At the age of four, Nguyen and his family are forced to flee his hometown of Ban Mê Thuột and come to the USA as refugees. After being removed from his brother and parents and homed with a family on his own, Nguyen is later allowed to resettle into his own family in suburban San José. But there is violence hidden behind the sunny façade of what he calls AMERICATM. One Christmas Eve, when Nguyen is nine, while watching cartoons at home, he learns that his parents have been shot while working at their grocery store, the SàiGòn Mới, a place where he sometimes helps price tins of fruit with a sticker gun. Years later, as a teenager, the blood-stirring drama of the films of the Vietnam War such as Apocalypse Now throw Nguyen into an existential crisis: how can he be both American and Vietnamese, both the killer and the person being killed? When he learns about an adopted sister who has stayed back in Vietnam, and ultimately visits her, he grows to understand just how much his parents have left behind. And as his parents age, he worries increasingly about their comfort and care, and realizes that some of their older wounds are reopening.

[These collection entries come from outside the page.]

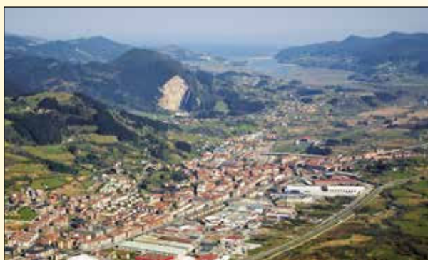
Takto viděly město posádky bombardérů.
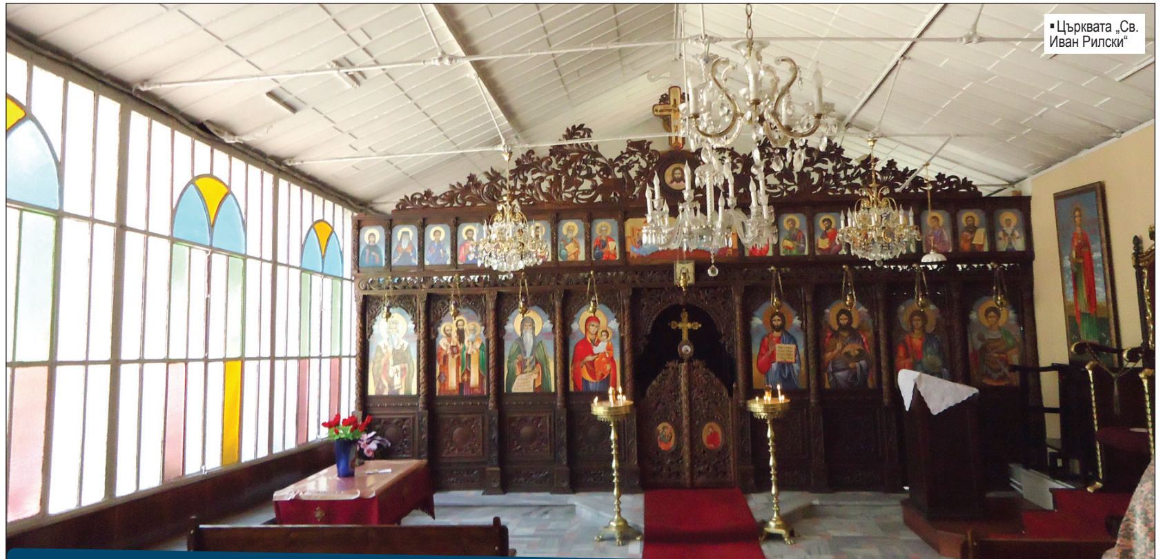
■ Църквата „Св. Иван Рилски“

Разположена сред обширен, потънал в зеленина двор, скрита от любопитните очи и шумния делник, в истанбулския квартал „Шишли“ се издига красива бяла сграда. Тя е закупена през 1907 г. по инициатива на Екзарх Йосиф. Дотогава екзархийската канцелария се помещавала в квартал „Ортакьой“. Там се провел през 1871 г. първият църковно-народен събор, избрал за
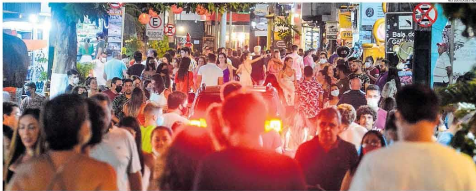
Negligência. Na Praia de Pipa, Rio Grande do Norte, turistas e moradores sem máscara se aglomeram em rua que concentra bares e restaurantes, ignorando medidas de segurança

O Brasil superou ontem a marca de 200 mil mortes pela covid-19, com uma curva ascendente de casos de infecção e óbitos e em meio ao abandono dos cuidados por parte da população e as aglomerações do fim de ano. Espe-
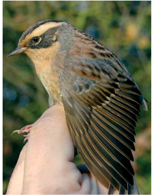
513 Brown Shrike / Bruine Klauwier Lanius cristatus , Utsira, Rogaland, Norway, 3 October 2005 (Christian Tiller) 514 Siberian Accentor / Bergheggenmus Prunella montanella , Schiffflange, Luxemburg, 2 November 2005 (Patric Lorgé) 515 Paddyfield Warbler / Veldrietzanger Acrocephalus agricola , St Mary's, Scilly, England, October 2005 (Mike Malpass) 516 Booted Warbler / Kleine Spotvogel Acrocephalus caligatus , Helgoland, Schleswig-Holstein, Germany, 13 October 2005 (Felix Jachmann)
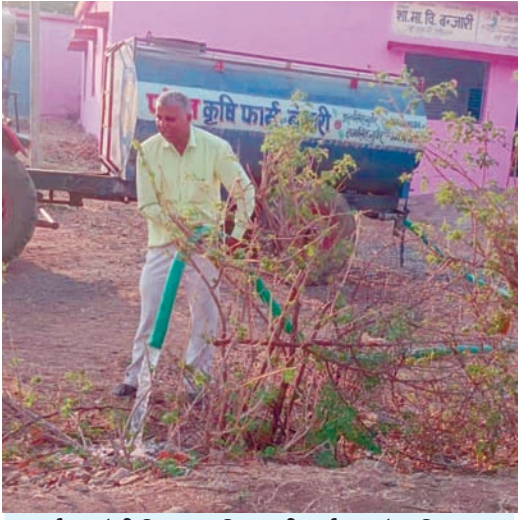
पर्यावरणप्रेमी शिक्षक परिहार की पर्यावरण के प्रति लगन
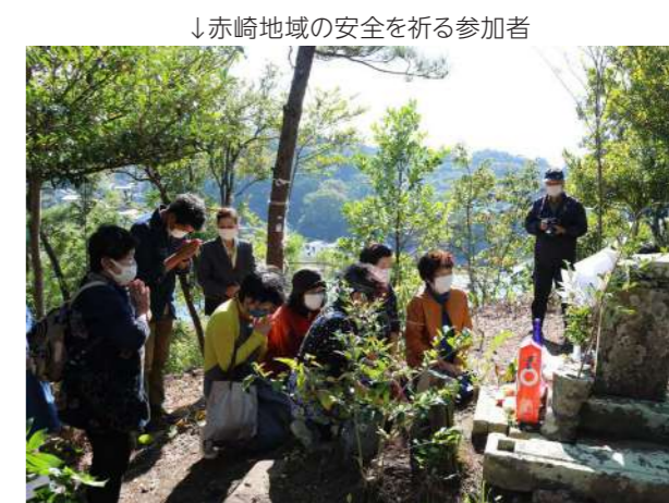
↓赤崎地域の安全を祈る参加者
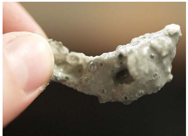
Abbildung 2: Vorbereitung von ROV QUEST auf dem Arbeitsdeck von FS METEOR. In der Tageshitze müssen immer wieder Teile des Roboters vor der unmittelbaren Sonneneinstrahlung geschützt werden (links). Gashydratstück aus dem ersten Schwerlotkern der Reise. Methanblasen und ein überdeckender Wasserfilm aus der Zersetzung des Gashydrates sind deutlich zu sehen (rechts; Bilder V. Diekamp, MARUM).

Schwerlotes das zuvor beobachtete Seepfeld zu beproben. Auch dies gelang auf Anhieb, denn das gesamte Schwerlot war durchsetzt von Gashydraten (Abb. 2), die sich oberflächennah im Bereich von Seeps aus dem aufsteigenden freien Gas des Untergrundes dort gebildet haben. Nach einer nächtlichen Vermessung wurde ein zweites Schwerlot zur geochemischen Detailbeprobung im Seepbereich genommen und danach begannen wir vorgezogen mit einem speziellen Beprobungsprogramm zur Untersuchung der Sauerstoffminimimumzone, da weitere Tauchgänge aufgrund der noch laufenden Reperaturarbeiten zunächst einmal zurückgestellt werden mussten. Bis auf wenige, leichte Erkältungsfälle sind alle Teilnehmer gesund und munter. Es grüßt im Namen aller Fahrtteilnehmer Gerhard Bohrmann FS METEOR, den 3. November 2007
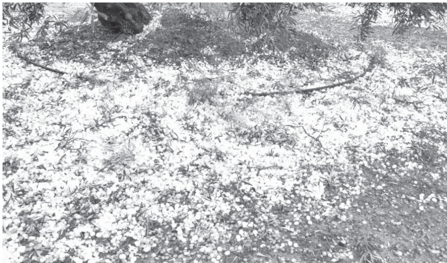
Aceitunas echadas a perder a causa de la granizada. VIVA

En cuestión de 15 minutos, la AEMET elevó el aviso amarillo a naranja por tormentas en toda la zona de Antequera hasta las diez de la noche, pues se llegaron a acumular 30 litros por metro cuadrado por hora. El temporal obligó a
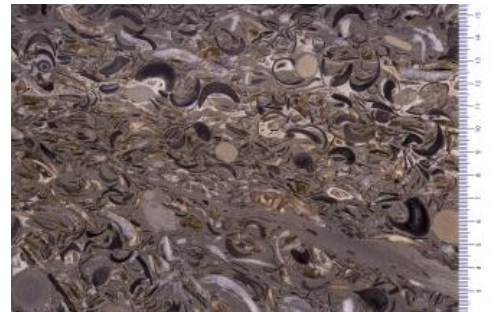
Schnitt senkrecht zur Schichtung durch einen Arietenkalksteinblock

Nach Frank (1949) wurden die Arietenkalke im Albvorland überwiegend für Straßenbausteine verwendet. Örtlich wurden sie aber auch zum Bau von Hausmauern und rohen Feldmauern genutzt. Bei Trossingen, Spaichingen und Göppingen wurden sie zum Kalkbrennen gewonnen. Auch Reyer (1927) berichtet von der Herstellung von schwarzem Kalk, von Straßenschotter und Pflastersteinen. Beim Abbau von Arietenkalk zusammen mit dem Angulatensandstein in der Umgebung von Stuttgart-Vaihingen (Reyer, 1927) wurden von oben nach unten drei brauchbare Felsen von den Pflasterern unterschieden und mit folgenden Namen belegt: Straßenschotterfels, Galle und Pflastersteinfels. Bei der Galle handelt es sich um einen sehr harten, dichten und festen Kalkstein mit Echinodermen- und Muschelschalenresten. Nach Mayer (2010) erhielten die drei Hauptbänke des Arietenkalks im Raum Schwäbisch Gmünd von den Steinbrechern die Namen Dreispälter (Gryphäenbank), Schneckenfels sowie unterer und oberer Schneller.
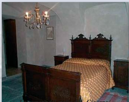
La camera del giglio al S. Giovanni

Dispone di 25 posti letto, 6 camere con bagno e balcone tutte con vista sulla valle e sulle meravigliose montagne della conca della frazione Chiappi (1710 m.s.l.m.) e di una suite (due camere da letto con soggiorno e bagno) con terrazzo.
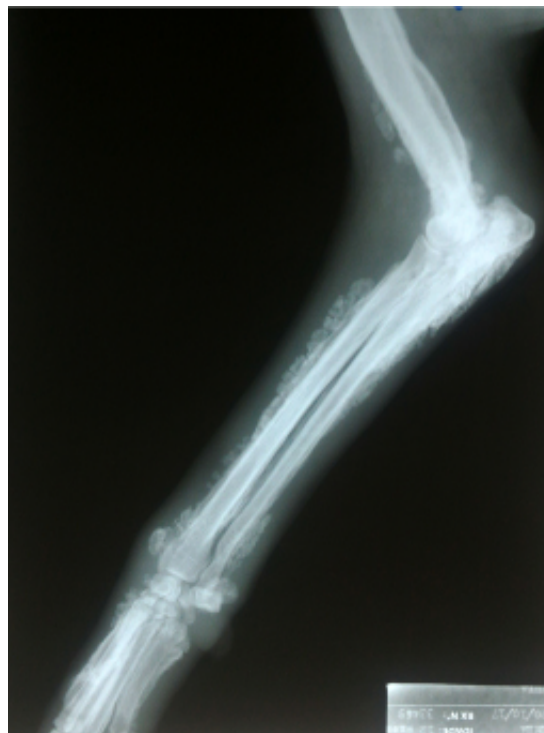
Figura 1: Radiografia do membro torácico direito de cadela com proliferação óssea

Foram realizados exames radiográficos nos membros torácicos (Figura 1), observando-se presença de reação periosteal proliferativa junto às regiões de diáfise medial e distal, além de epífise distal de úmero, bilateral e reação periosteal proliferativa junto às regiões de diáfise proximal, médio e distal, assim como nas epífises proximal e distal de rádio e ulna, bilaterais.

Profound in its emotions and brilliant in its thinking about cultural power, A Man of Two Faces explores the necessity of both forgetting and of memory, the promises America so readily makes and breaks, and the exceptional life story of one of the most original and important writers working today.
APPLE BOOKS REVIEW
Viet Thanh Nguyen, author of the Pulitzer-winning novel The Sympathizer, has written a truly poetic memoir—literally, as he regularly alternates between traditional sentences and stanzas of free verse. This book floats in time between his earliest memories of his village in war-torn Vietnam, his parents’ supermarket in San Jose, and various points in his adult life. Interspersed within these vignettes are essay-like meditations on the defining aspects of Nguyen’s life and work: the lives of refugees, the Vietnam War’s place (or lack thereof) in American history and culture, and the ongoing racist myth of Asian Americans as a “model minority.” The book is also a celebration of his parents, which makes the sections dealing with his mother’s decline and death that much more poignant. Somehow, this all blends seamlessly, infused with genuine beauty and moments of wry humor. Even if you’ve never read Nguyen’s fiction, this memoir is a must-read.
Customer Reviews
A Man of Two Faces
As a purported memoir, it falls short by withholding the intimacies of his private life. This book is more a treatise on the Vietnamese refugee experience and his feelings of alienation as he straddles two cultures. Thought provoking, yes, but also given to ranting tirades.
A Man of Two Faces
I am so glad that I read this book. It is extremely thought provoking concerning the refugee experience in the US. As I read, I pondered my preconceived notions, I laughed in places, and I wept is places. It took a while to get into the author’s unusual rhythm of composition for this book, but once I did, it seemed very natural for the content. I highly recommend this book.